I trust the breeder 100% and she is an expert with Chihuahuas, she has been in breeding for decades and has many different bloodlines available to me, also she gives me 100% guarantee that the bitch puppy that I get will be perfect for my requirements and I totally trust her judgement. She is well respected.


----------



## mybabiesmummy (Aug 10, 2008)

congrats to ya with your new chi when you get her i would rather get my own boy n girl to breed instead of a stud but many people are diffrent but thats what i would rather do its easily and the dogs know each other


----------



## Constance (Feb 3, 2008)

I like to own all of my dogs and they have forever homes here on the farm. I do not mind if I get adults or puppies, boys first or girls, as I just flow along with life and do not have rigid boundaries. To me, everyone of my Chihuahuas are special and they all have a place on the farm.


----------



## chibellaxo (Jul 6, 2008)

SMENG said:


> I like to own all of my dogs and they have forever homes here on the farm. I do not mind if I get adults or puppies, boys first or girls, as I just flow along with life and do not have rigid boundaries. To me, everyone of my Chihuahuas are special and they all have a place on the farm.

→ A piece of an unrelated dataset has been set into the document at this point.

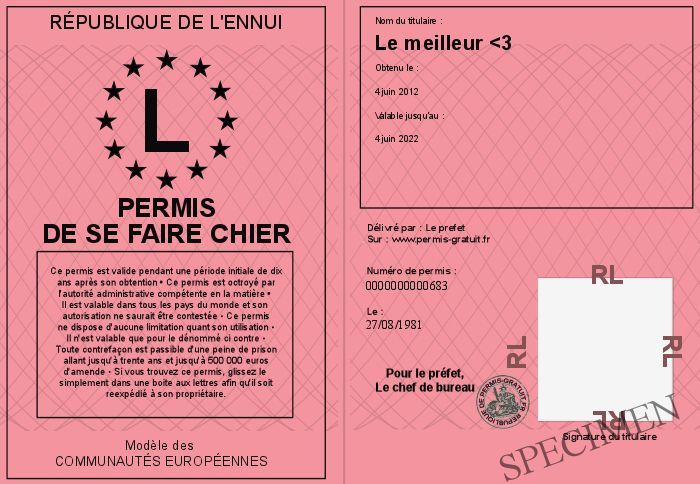 Envoyez par email le Permis de se faire chier personalisé

you sound like you know what youre doing, so im very excited for you  i hope you get your dream girl soon


----------



## chibellaxo (Jul 6, 2008)

**

double posted---


----------



## Constance (Feb 3, 2008)

I have asked the breeder to give me a female puppy who will be bigger than Rebel as an adult, because I like my dams to be bigger than my sires. It is just a personal preference of mine and I am not being negative to anyone who does it differently to me. I support every breeder who does it their way.


----------



## Tora-Oni (Sep 13, 2008)

SMENG said:


> I have asked the breeder to give me a female puppy who will be bigger than Rebel as an adult, because I like my dams to be bigger than my sires. It is just a personal preference of mine and I am not being negative to anyone who does it differently to me. I support every breeder who does it their way.


Well Good LUck to you Smeng. I hope everything turns out.


----------



## chibellaxo (Jul 6, 2008)

SMENG said:


> I have asked the breeder to give me a female puppy who will be bigger than Rebel as an adult, because I like my dams to be bigger than my sires. It is just a personal preference of mine and I am not being negative to anyone who does it differently to me. I support every breeder who does it their way.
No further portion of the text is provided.